A tip of the hat to Susan Robertson, who texted me yesterday afternoon to tell me to jump in my car and drive out to see Riverview Farm, on tour for the Garden Club of Virginia’s Historic Garden Week. At that moment, I was struggling with writing another Garden Week post, and it just wasn’t working. Happy for a diversion, I texted back, “yes ma’am” and took off. This post is a much too superficial and quick post about a fascinating, inspiring, beautiful and significant working farm along the James River.
The farm’s Greek-revival house was built in 1860 (the original home burned down) by John Pleasant Royall and his wife, Mary Howell Douthat. Above is the west facade, facing the river. Below is the east facade.
Looking east from the house is the largest Boxwood (below) I’ve ever seen.
I couldn’t believe this ginormous plant was born of one shrub, so I entered the Boxwood forest to check it out (below). It appears that it is, in fact, the outgrowth from one plant. Wow, what a time the Nordt kids must have playing beneath this canopy.
A Charles Gillette garden was installed along the riverfront in 1927.
A boxwood parterre and brick walkways are enclosed within a brick serpentine wall.
I ran into the Nordts while walking the grounds, and learned that Bill is crazy for trees. How lucky for Riverview Farm that he is! The property contains many old native specimens, such as the Yellowwood (Cladrastis kentukea), below.
The Nordts have planted more Yellowwood, as well as other native species, including Fringe Tree (Chionanthus virginicus) and River Birch (Betula nigra), below. He gets most of his trees from Bremo Trees, a fabulous nursery on another historic piece of land, further west along the James near Fork Union.
As Bill continues to populate his farm with native trees, the invasives that plague the Virginia landscape work hard to overtake the natives along the river bank. Below, Tree of Heaven (Ailanthus altisssima) and Multiflora Rose (Rosa multiflora) muscle their way onto the scene.
Both of those plants are in the Top 10 of invasive species that the James River Park Invasives Task Force, of which I’m a member, is working to control. For those interested in tackling the invasives in the park, many volunteer opportunities are posted on the brand-new website.
When the kids get tired of playing under the canopy of the Boxwood, they can climb into the canopy of this Green Ash (Fraxinus pennsylvanica) where the penultimate tree house awaits them.

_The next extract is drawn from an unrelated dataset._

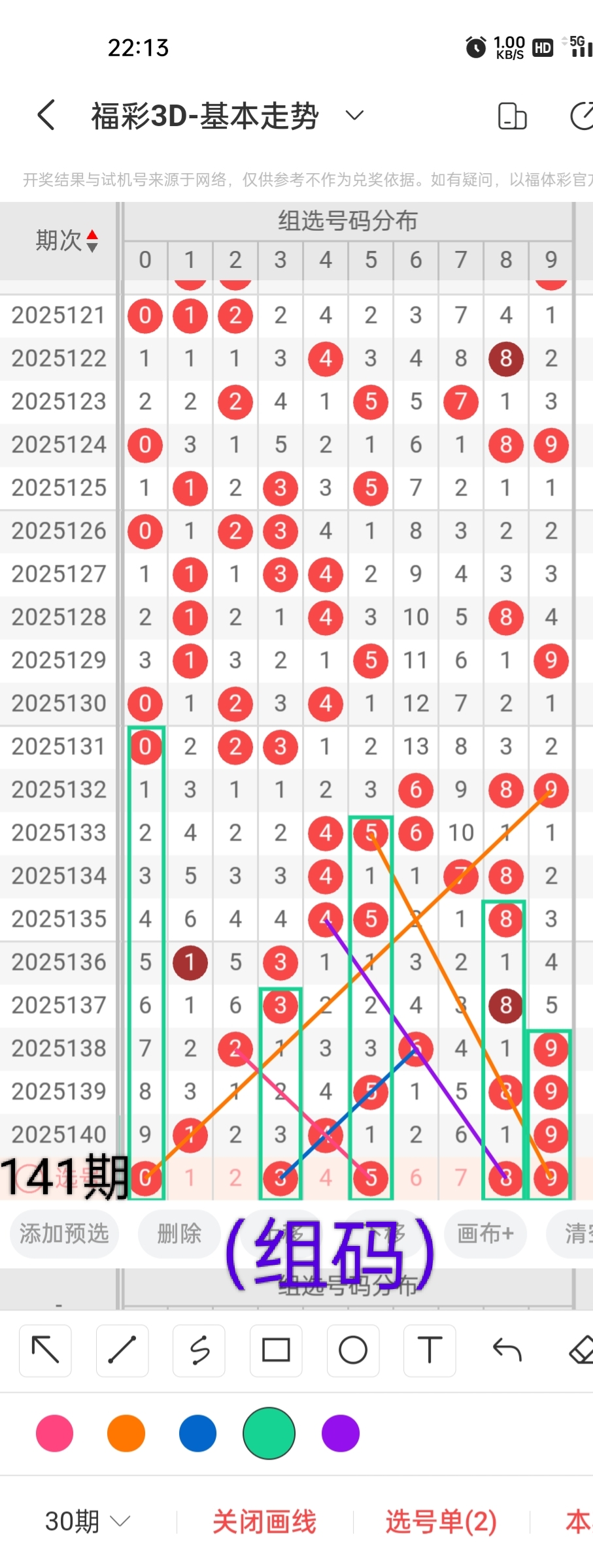 通过以上对上期的简单回顾,下面进入2025141期(下面简称本期)的选号分析:

During last year’s Garden Week, I did a blog post on Westover Plantation, and was struck by the Erda family’s connection to the land, the history, and the natural beauty surrounding them. As today’s kids suffer from a nature deficit, these kids spend their days exploring, discovering, soaking in beauty, and putting in good old fashioned labor.
I was reminded of this when reading the Nordt Family Farm website, in which Dianne Nordt writes, “So now I’m a weaver, living on a farm, raising kids and sheep. Together with my incredible husband, we manage an old house and a 400 acre farm on the banks of the James River in Charles City County, Virginia. I feel so fortunate to live my dream, to stay at home with my kids, and to practice the craft that I love to my core.”
About that weaving . . .
In Dianne’s words, “I appreciate a lifestyle that grounds me to home. My natural media, Merino wool and plant dyes, are nourished from the southern ground whose landscape inspires me. And my weaving mimics the pace of life here, slow and contemplative.”

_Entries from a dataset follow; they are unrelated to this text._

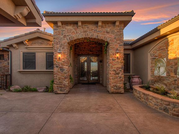 Enjoy spectacular views of Pine Mountain, Zion's Canyon & St.George with it's magnificent City Night Lights from this custom luxury home in the prestigious gated community of Stone Cliff. You will love the master chief built-in barbeque from your covered deck. SQ. FT.taken from County Records along with other items. Buyer to verify all listing information. 5th Bedroom & SQ.FT includes Casita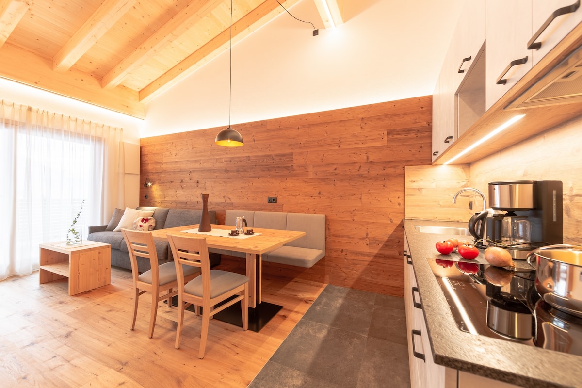 This charming apartment "Golden Hill der Carmen Stoll" captivates with a picturesque garden and a stunning view of the Dolomites, offering you a retreat in the midst of nature. 🌄Experience the relaxing atmosphere of the garden, enjoy the amenities of the wellness area, or be enveloped by the stylish and cozy interior design. At 'Golden Hill', our aim is to ensure a completely delightful and pampering experience.
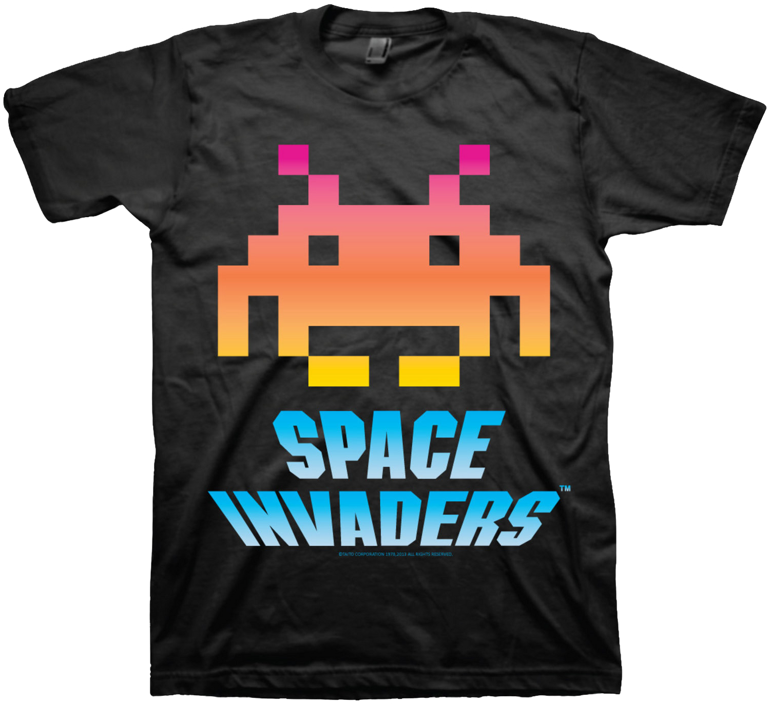 This Space Invaders t-shirt features a pixelated image of the Medium Invader. With a square body and antennae, the Medium Invader is the most recognizable of three alien invaders that threatened Earth in the classic video game Space Invaders. Everyone that sees you wearing this t-shirt will immediately know that you have saved the world playing Space Invaders. For any fan of the game that revolutionized the video game industry, this Space Invaders t-shirt is a must have!

Dianne found her passion for weaving while studying fashion design at VCU.How could the blankets Dianne weaves be anything but elegantly understated, when the sheep whose wool she shears live in a barn (above and below) which reflects that same aesthetic?
The Nordts tend a vegetable garden (below). Dianne uses plants grown on the farm to make the dyes for the wool.
The Nordts also grow soybeans, corn, cotton, wheat and hay. Below, Boston Ivy (Parthenocissus tricuspidata) climbs a silo.
A barrel catches rain water from the roof of the stables, below.
I left Riverview Farm grateful for the Nordt family’s devotion to preserving this historic sweep of land along the James. By nurturing the plants that have thrived there for centuries, planting to ensure the habitat continues to thrive in the future, continuing the centuries-old practice of farming the fields, and reinvigorating the time-honored craft of weaving hand-dyed wool, the Nordts are instilling in the next generation a love and respect for this increasingly fragile environment, and hopefully, a desire to pass it on to future generations of Virginians.